Extracted material below:

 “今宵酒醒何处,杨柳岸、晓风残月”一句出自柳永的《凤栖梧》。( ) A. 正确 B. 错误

End of Extracted material.
Extracted material below:

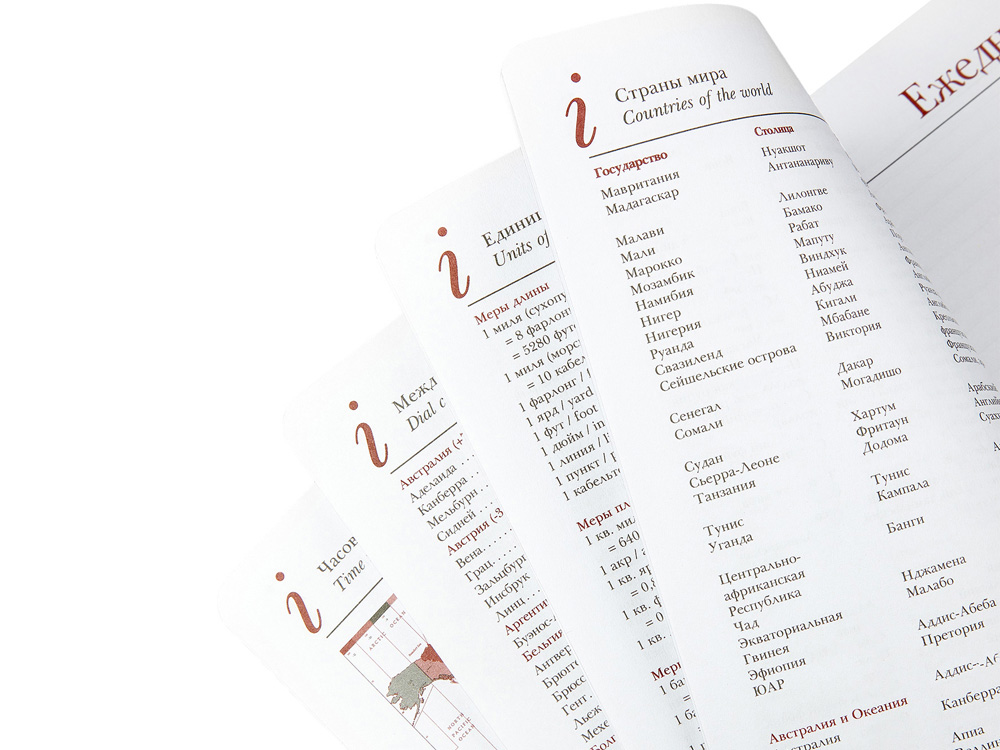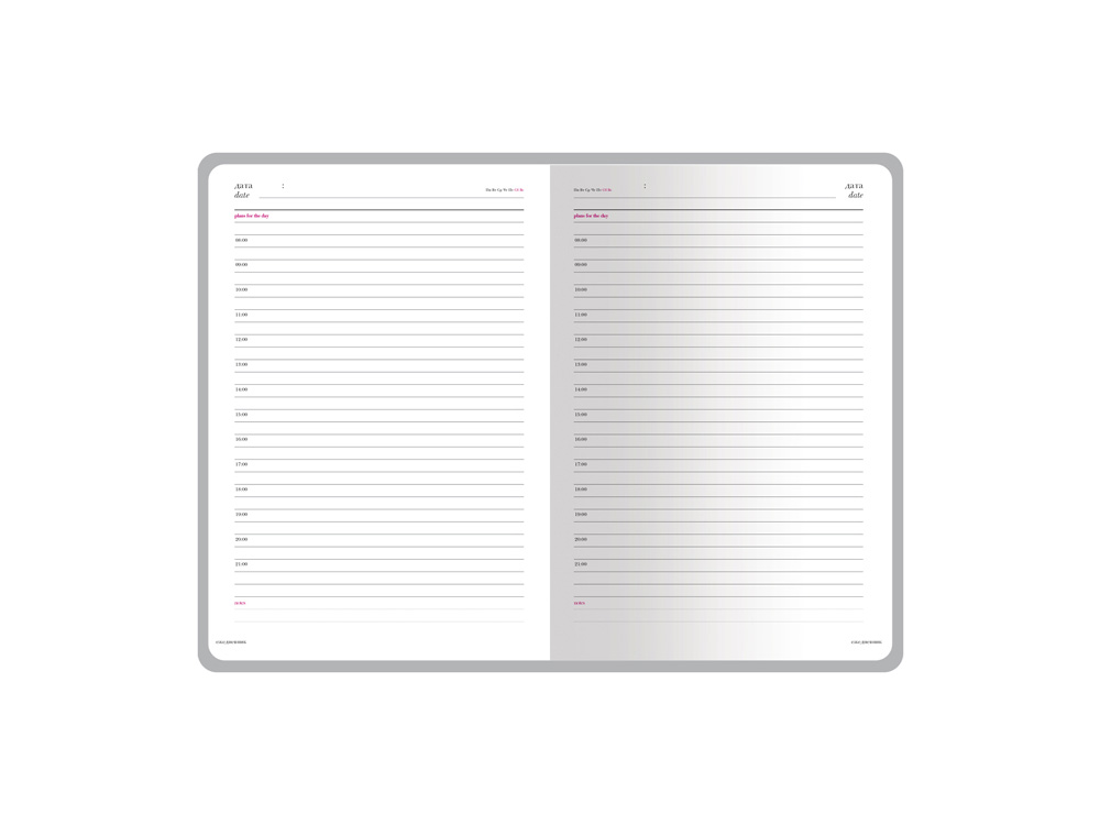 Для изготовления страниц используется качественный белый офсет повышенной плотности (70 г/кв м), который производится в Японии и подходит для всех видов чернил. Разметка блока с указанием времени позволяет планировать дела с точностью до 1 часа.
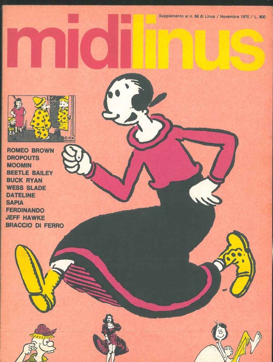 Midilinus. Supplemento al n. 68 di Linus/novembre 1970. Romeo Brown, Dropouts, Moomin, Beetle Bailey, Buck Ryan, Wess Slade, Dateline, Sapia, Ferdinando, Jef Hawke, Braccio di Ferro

End of Extracted material.
Extracted material below:

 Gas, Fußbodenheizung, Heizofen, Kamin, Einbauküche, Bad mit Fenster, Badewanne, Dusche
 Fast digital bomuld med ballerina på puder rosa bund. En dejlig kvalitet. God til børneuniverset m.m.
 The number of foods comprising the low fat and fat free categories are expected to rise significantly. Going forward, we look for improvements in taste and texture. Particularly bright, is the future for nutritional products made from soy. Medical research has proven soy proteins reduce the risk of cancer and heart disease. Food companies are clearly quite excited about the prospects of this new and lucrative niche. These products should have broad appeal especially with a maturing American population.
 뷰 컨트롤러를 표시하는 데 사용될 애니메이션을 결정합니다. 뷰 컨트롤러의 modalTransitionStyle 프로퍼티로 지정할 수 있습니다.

End of Extracted material.

Work instruction
In the listing above, find the line containing "Fast digital bomuld" and the line containing "뷰 컨트롤러를 표시하는". Output them and every line between, exactly, and nothing else.

Task solution
 Fast digital bomuld med ballerina på puder rosa bund. En dejlig kvalitet. God til børneuniverset m.m.
 The number of foods comprising the low fat and fat free categories are expected to rise significantly. Going forward, we look for improvements in taste and texture. Particularly bright, is the future for nutritional products made from soy. Medical research has proven soy proteins reduce the risk of cancer and heart disease. Food companies are clearly quite excited about the prospects of this new and lucrative niche. These products should have broad appeal especially with a maturing American population.
 뷰 컨트롤러를 표시하는 데 사용될 애니메이션을 결정합니다. 뷰 컨트롤러의 modalTransitionStyle 프로퍼티로 지정할 수 있습니다.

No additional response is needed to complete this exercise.